After a significant drop on Monday, oil prices have steadied, signaling that the current conflict in Israel will remain contained for the time being. The global benchmark Brent hovered around $90 a barrel, following a 2.5% decline in the previous session, while West Texas Intermediate was close to $86. Within Israel, there is a growing call to reassess the scope of a potential ground invasion due to concerns over potential retaliation by Hezbollah militants in Lebanon, the fate of approximately 200 hostages in Gaza, and the risk of Israeli military casualties.
Despite the absence of immediate disruptions in the Middle East, which is responsible for about one-third of the world’s crude oil supply, there has been a reduction in the war-risk premium.
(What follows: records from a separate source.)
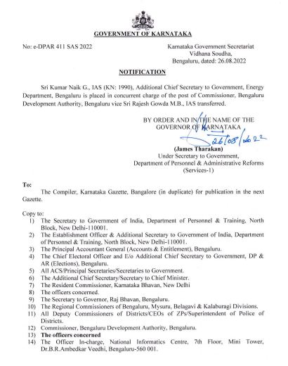ವರ್ಗಾವಣೆ: ಸುಪ್ರೀಂಕೋರ್ಟ್ ಆದೇಶದ ಹಿನ್ನೆಲೆಯಲ್ಲಿ ರಾಜ್ಯ ಸರಕಾರವು ಬಿಡಿಎ ಆಯುಕ್ತ ಎಂ.ಬಿ.ರಾಜೇಶ್ ಗೌಡ ಅವರನ್ನು ವರ್ಗಾವಣೆ ಮಾಡಿದ್ದು, ಅವರ ಸ್ಥಾನದ ಹೆಚ್ಚುವರಿ ಹೊಣೆಗಾರಿಕೆಯನ್ನು ಇಂಧನ ಇಲಾಖೆಯ ಹೆಚ್ಚುವರಿ ಮುಖ್ಯ ಕಾರ್ಯದರ್ಶಿ ಜಿ.ಕುಮಾರ್ ನಾಯ್ಕ್ ಅವರಿಗೆ ವಹಿಸಲಾಗಿದೆ.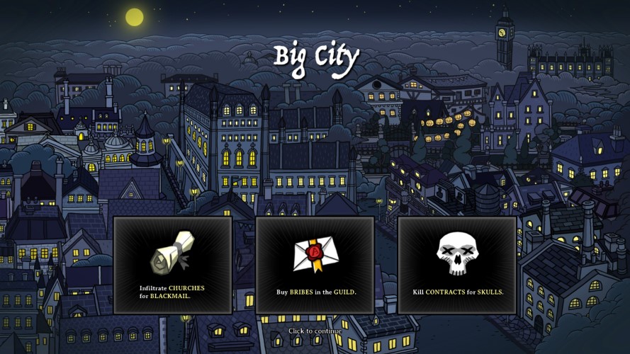 There are 6 different units in the game alongside your master thief. They are the urchins, gangs, thugs, assassins, truant officers, and saboteurs. The ‘master thief’ is your main unit—and the only unit able to perform more than one action. The master thief is also the only unit you have that, as of right now, can’t be killed. The master thief can use his/her action points to uncover up to 3 hidden tiles (these tiles need to be connected) or burgle/scout a building (or attack a killable unit once per turn, provided you got the dagger upgrade). If the building is hidden, then the building—and all buildings in the same district—are revealed to the player and the thief will enter the building on the tile you selected. If you know what the building is, then the thief will enter it. If the building is a regular house or a mansion, then the thief will burgle the building—assuming the building has anything that can be taken. If the building is a bank, trading house, church, bar, or orphanage, then the building will be scouted out and open for infiltration.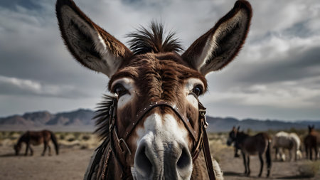 A mini donkey poses gracefully, showing its unique features against a rustic backdrop, surrounded by soft shadows and a clean white background.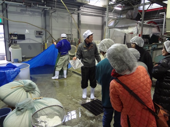 本日最後の見学場所は、嘉美心酒造です。杜氏の内倉 直さんに酒造りの工程を順番にご案内していただきました。朝で終わっている工程もありましたが、丁寧に酒造りのポイントを教えていただきました。嘉美心酒造さんは、『私達はお酒を作るうえではメーカーですが、生きるうえでは消費者です。だから家族の口に入れたくないものは作りません・・・。』というこだわりを持って甘口の非常に美味しいお酒を作られています。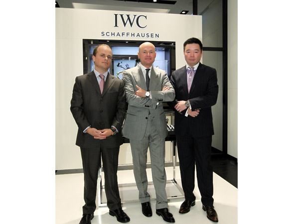 IWC萬國錶亞洲區董事總經理Mr.Benoit de Clerck,IWC萬國錶全球行政總裁Mr.Georges Kern為了這次重新開幕,特地來台出席活動,可見重要性。他們與台灣區總經理李承坦在專賣店前留下身影,預祝這次的飛行表展示順利。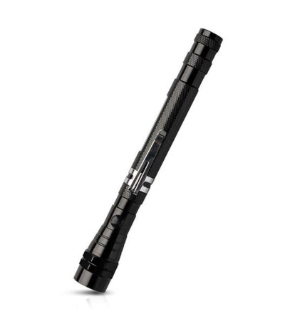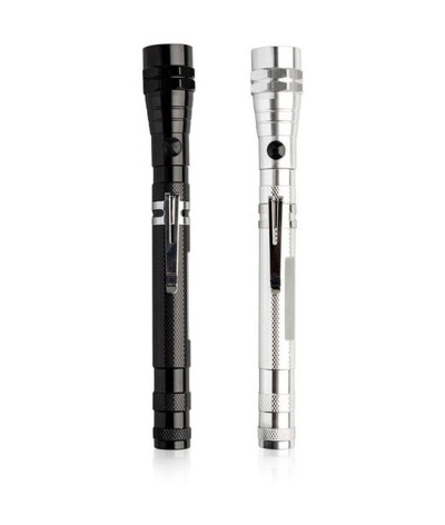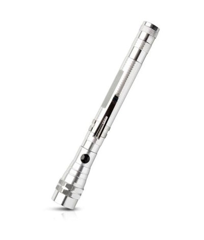 Lampe de poche en aluminium extensible avec deux pointes magnétiques.
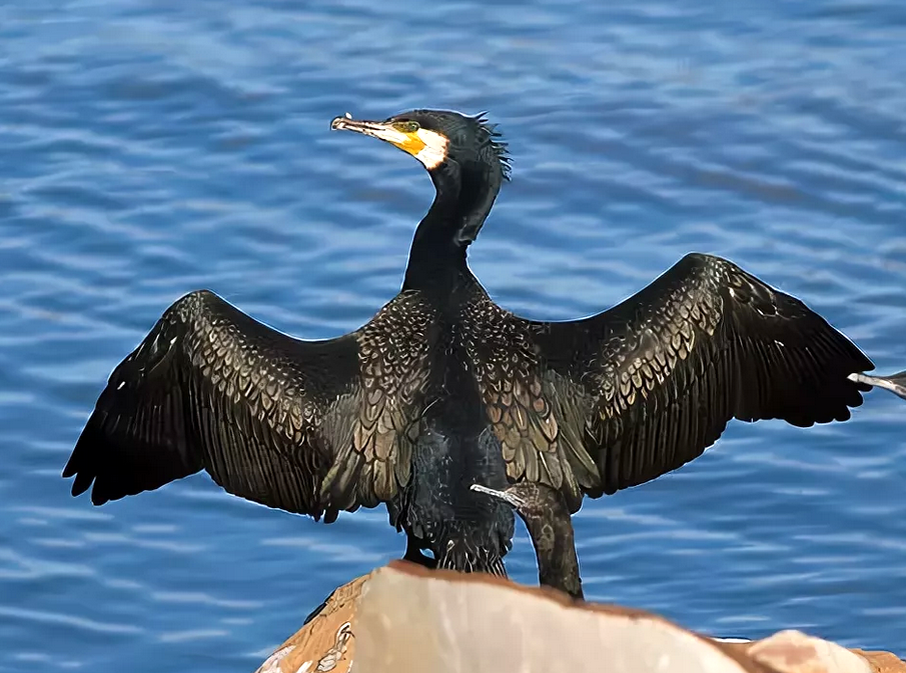 Отдых и сушка оперения: Одной из самых характерных поз большого баклана является поза "сушки". После ныряния их оперение, в отличие от многих других водоплавающих птиц, не является полностью водонепроницаемым. Это позволяет им легче погружаться и оставаться под водой, но требует регулярной сушки. Бакланы часто сидят на камнях, ветках деревьев, буях или других возвышениях, широко расправив крылья, чтобы просушить перья на солнце и ветру. Это зрелище стало визитной карточкой вида.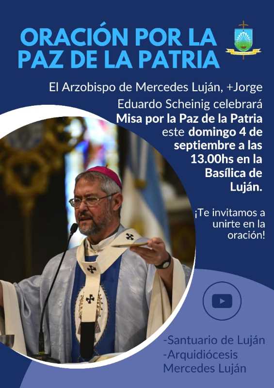 El Arzobispo de Mercedes Luján, Jorge Eduardo Scheinig celebrará Misa por la Paz de la Patria este domingo 4 de septiembre a las 13 hs desde la Basílica de Luján.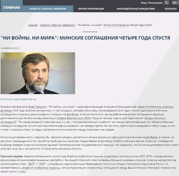 По словам Новинского, причина срыва минских соглашений в том, что слишком много политических и финансовых игроков на Украине, которым выгодно продолжение войны. Украина находится на том последнем временном отрезке, когда вопрос ее будущего будут решать политики других стран. По сути, Украина будет сторонним наблюдателем.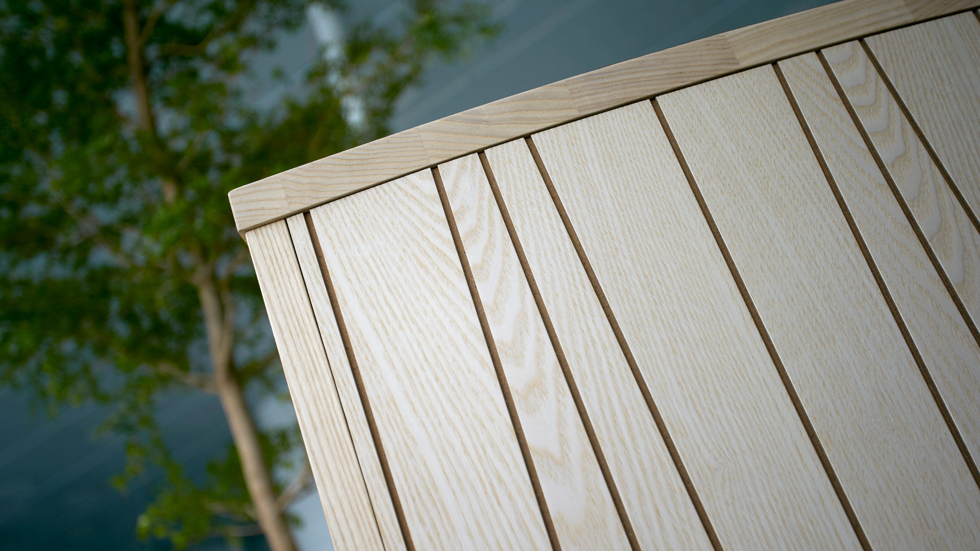 Fakta: Coffee/Sideboard i lounge, sideboard med bagageförvaring, self-incheck-bord (med träd) i receptionen, internetbord i paviljong, bord i lounge, orangeri, coffee area och matsal, höga teamtable-bord och konferensbord, sittmöbler i paviljong, talarpulpet i auditorium.Övervägande inredning tillverkat i ask med svagt vitpigmenterad klarlack.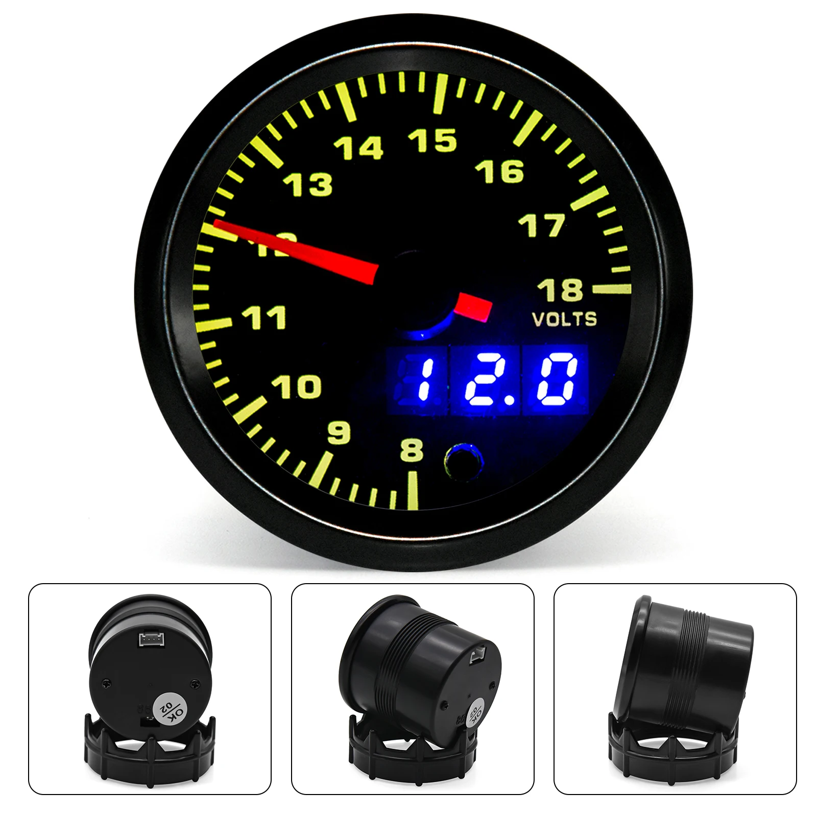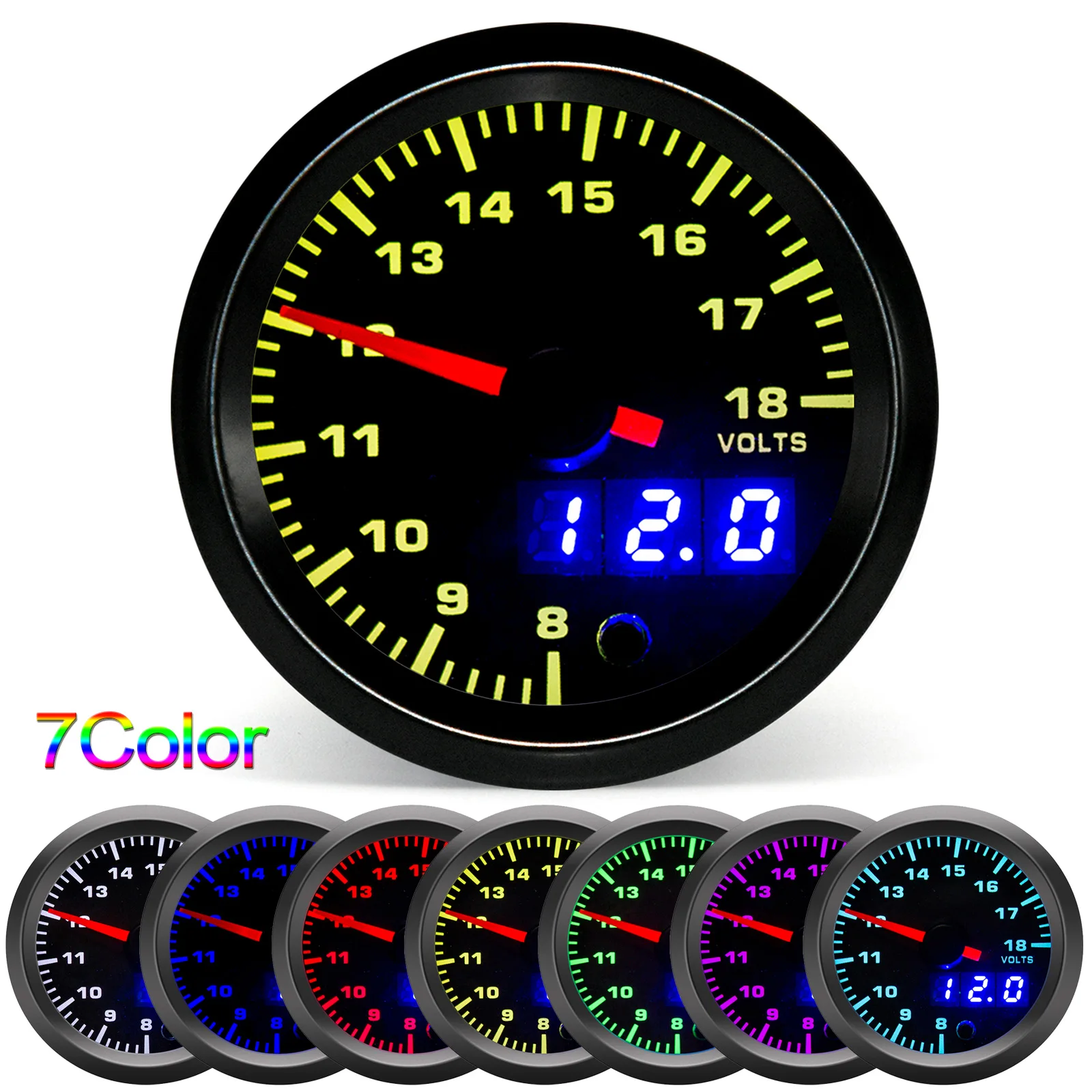 52 مللي متر الرقمية فولت متر LED العرض المزدوج 7 ألوان الخلفية سيارة الجهد مقياس 8-18 فولت 52 مللي متر حامل ل سباق 12 فولت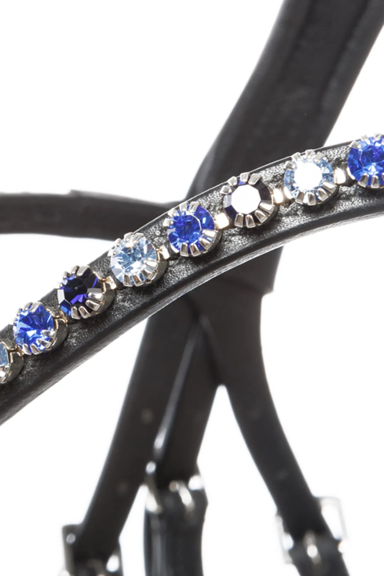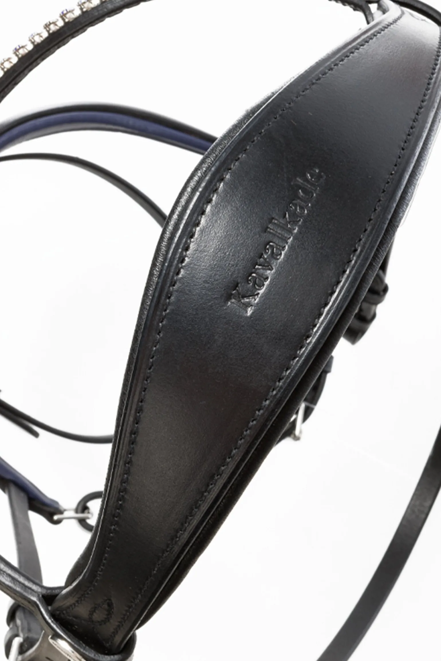 Die modische Trense „Ocean“ KavalSH4 mit dunkelblau unterlegtem Nasenriemen und funkelnden blauen Strasssteinen auf dem Stirnriemen besteht aus hochwertigem Leder und ist beidseitig verstellbar für eine optimale Passform. Das Genickstück ist anatomisch geformt und extra breit für mehr Ohrenfreiheit. Der Nasenriemen ist weich gepolstert und anatomisch geschnitten. Gummierte Zügel mit Stoppern (16 mm). Passende Sporenriemen. KavalSH4 – abnehmbarer Sperrriemen ohne sichtbare Befestigung. Trensen mit der Bezeichnung „KavalSH4“ sind Trensen, bei denen der Sperrriemen entfernt werden kann. Das Besondere daran ist, dass die Befestigung des Sperrriemens nicht sichtbar ist, wie bei herkömmlichen Trensen mit abnehmbarem Sperrriemen.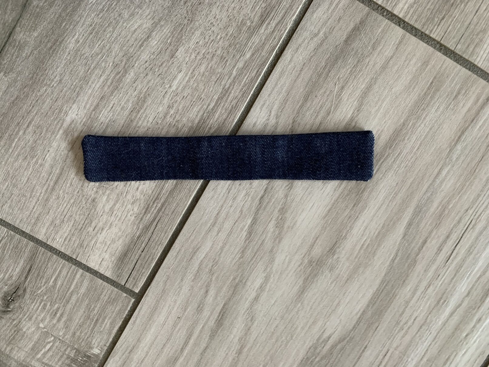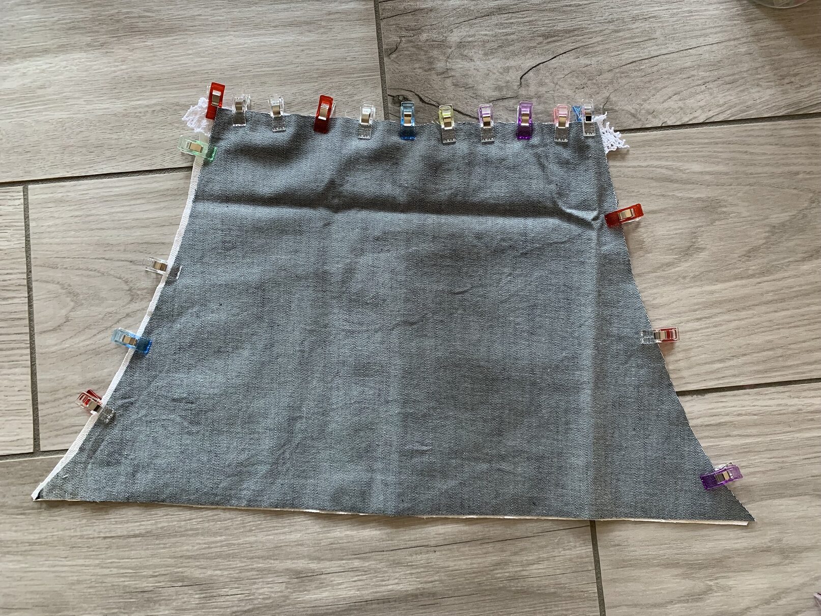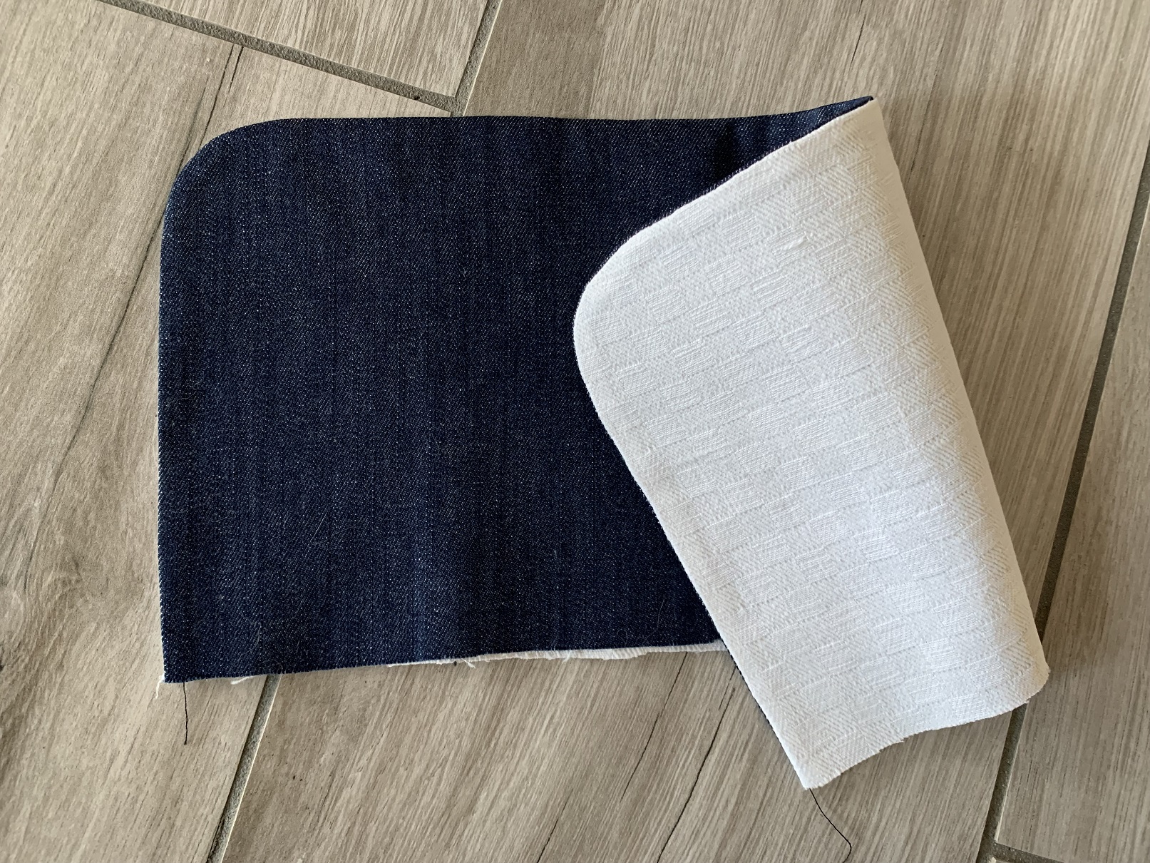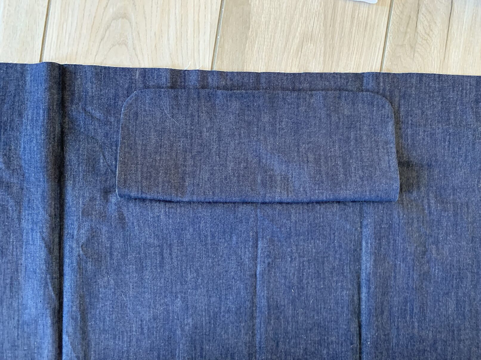 A ce stade, j’ai réalisé que la ceinture allait être trop courte ; j’ai donc rajouté 15 cm de chaque côté (jean et doublure). Puis j’ai cousu les petits côtés endroits contre endroit et je les ai retournés de façon à former de jolis coins. L’étape suivante consiste à coudre le bas du tablier et là, j’ai fait chauffer le découd-vite ! J’ai d’abord commencé par coudre la poche (toujours endroit contre endroit avec sa doublure) puis je l’ai cousue au tissus jean :

However, Brent remains approximately 7% higher than before the October 7th attack. Key factors for a potential further surge in prices include increased compliance checks on sanctioned Iranian oil by Washington and potential disruptions to crucial shipping routes by Tehran.
The U.S. has announced plans to deploy additional military forces to the Middle East in an effort to deter groups like Hezbollah from seeking to expand the conflict. In a separate development, Hamas released two more hostages, both elderly women, from the Gaza Strip on Monday.
Priyanka Sachdeva, a senior market analyst at Phillip Nova Pte, commented, “Diplomatic efforts in Gaza are suggesting the possibility of de-escalation, which is impacting the momentum in oil prices. Markets are also eagerly awaiting further indicators of the U.S. economy to assess domestic demand for fuel.”
Traders had been increasing their bullish positions in oil due to the conflict. In the week ending October 17th, money managers raised their bets on higher Brent crude prices by the most in seven years. Much of the heightened oil trading activity in recent days has been focused on the options market, with a record number of Brent calls changing hands over the past week.